Si potrebbe, con ogni rispetto, parafrasare allora che la cosiddetta “Chiesa-donna” è anche più dello Stato, di per sé privo di fondazione ontologica (salvo non aderire a visioni corrispondenti alla configurazione di uno “Stato etico” che, in forza della propria essenza metafisica, disciplini e prescriva i convincimenti più profondi dei cittadini suoi sudditi). E la Chiesa-donna accetta, così, di unirsi in nozze concettuali con lo Stato-maschio decidendo quale sia il tramite, il ministro, di tale sposalizio.

Una sorta di matrimonio perfetto di simboli. Il Concordato “sposò” la Chiesa, o – se si preferisce – lo Stato “sposò” la Chiesa (e viceversa) tramite il Concordato. Simmetria mirabile e rispondenza di genere tra un Lui e una Lei del tutto armoniosa e compiuta.

Il problema, però, era che quelle nozze furono celebrate con una Dittatura – altrettanto “donna”, femminile -, o comunque (e sembra meglio scostarsi da omofilie anacronistiche per quanto simboliche) con il Fascismo nella sua massima espressione istituzionale: a firmare i Patti Lateranensi fu infatti lo stesso Duce.

Crollato il fascismo e nata, con il voto democratico popolare, la Repubblica Italiana, che cosa farsene di quegli accordi? Potevano transitare senza problemi nel nuovo ordinamento repubblicano? No. Ci volle l’art. 7 della Costituzione per sancire il principio che i rapporti tra Stato Italiano e Chiesa Cattolica sono regolati dai Patti Lateranensi.

Questa volta era pertanto proprio un “Ente-Donna”, la Repubblica Italiana, a – per così dire – ratificare un matrimonio stipulato con altro soggetto, che non apparteneva però più, con simile decisione costituzionale, ad un diverso genere simbolicamente sessuato.

E le cose – in termini sessualmente ipostatici – non tornano proprio. Sembra un attentato al diritto naturale, stando ad alcune sue interpretazioni: Donna la Repubblica, Donna la Chiesa. L’omofilia simbolica non può di certo ancora essere rigettata – oggi, 11 febbraio 2024 – come impropria, se non abominevole. Un cortocircuito cui può condurre quel linguaggio ipostatizzante? Lo abbiamo premesso: è uno scherzo di carnevale, ma non è detto che per questo si possa stare troppo tranquilli/e.

Oggi ricorrono anche 11 anni dall’annuncio delle dimissioni di Benedetto XV.

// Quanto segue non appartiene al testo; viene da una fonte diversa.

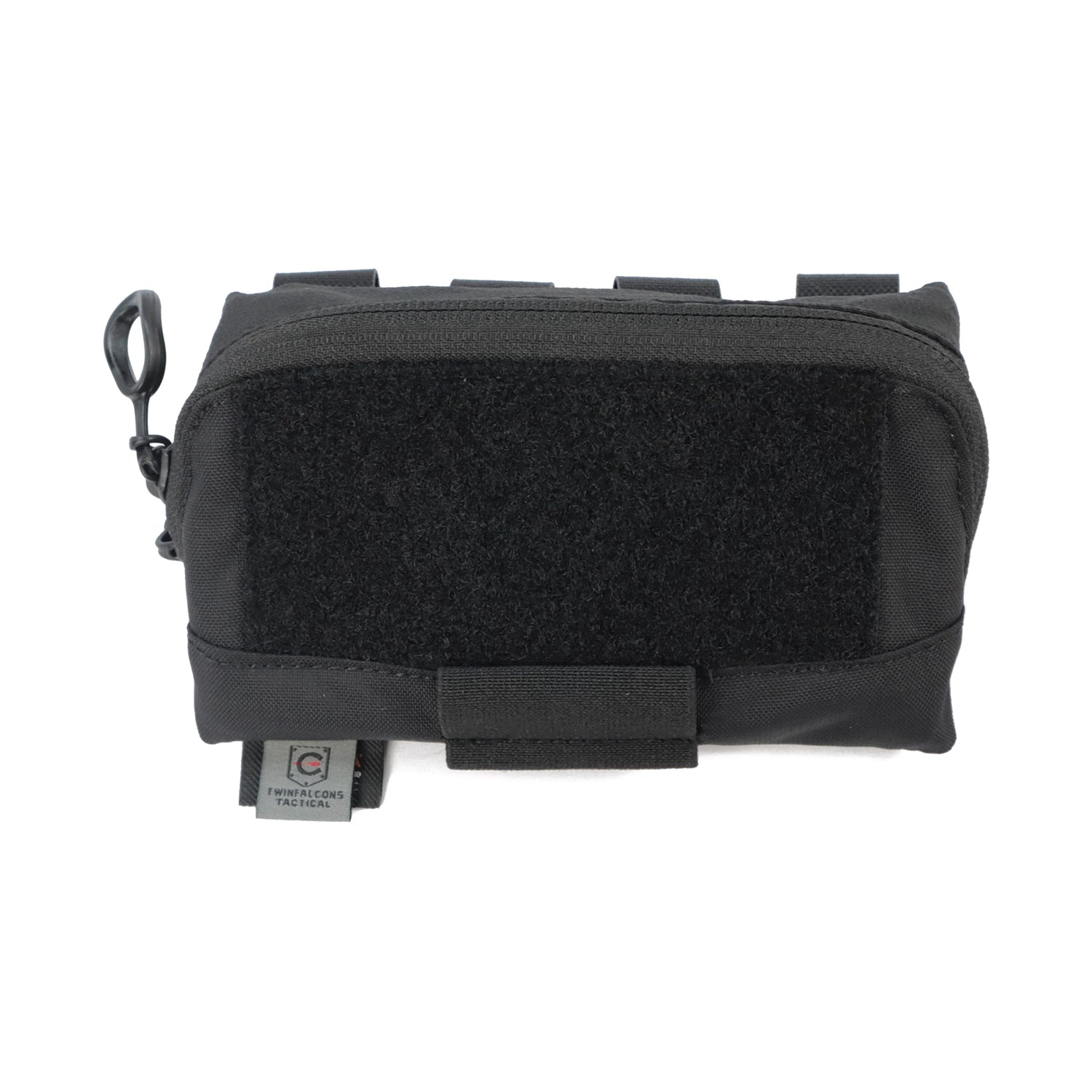 Compatible with all MOLLE with at least 2 rows high and 4 columns wide, ambidextrous zipper opening, loop velcro for callsign patches.

Era un lunedì, non una domenica, e il calendario liturgico riportava la memoria facoltativa della Beata Vergine di Lourdes, indubitabilmente donna, ma – ma – la famosa Declaratio riporta la data del giorno precedente, 10 febbraio, non dell’11. Si trattava di evitare un imbarazzante affollamento di nessi simbolici – i Patti, la “Chiesa-Donna”, la Vergine Maria, il Papa-maschio come tutto il clero -? Non lo sapremo mai. Verrebbe da commentare, quasi in un sussurro pudibondo: povera Maria di Nazaret, messa sempre di mezzo.

Sappiamo però, tuttavia – merita ripeterlo ancora, solo perché è Carnevale -, che l’adozione di linguaggi sessuati per immagini anche teologiche non apporta alcuna chiarezza, anzi provoca buchi neri di implosione argomentativa.

Proseguiremo a rifletterci su pure domenica prossima, ma ormai sarà Quaresima e dovremo essere serissimi.

Intanto, buona domenica di Carnevale.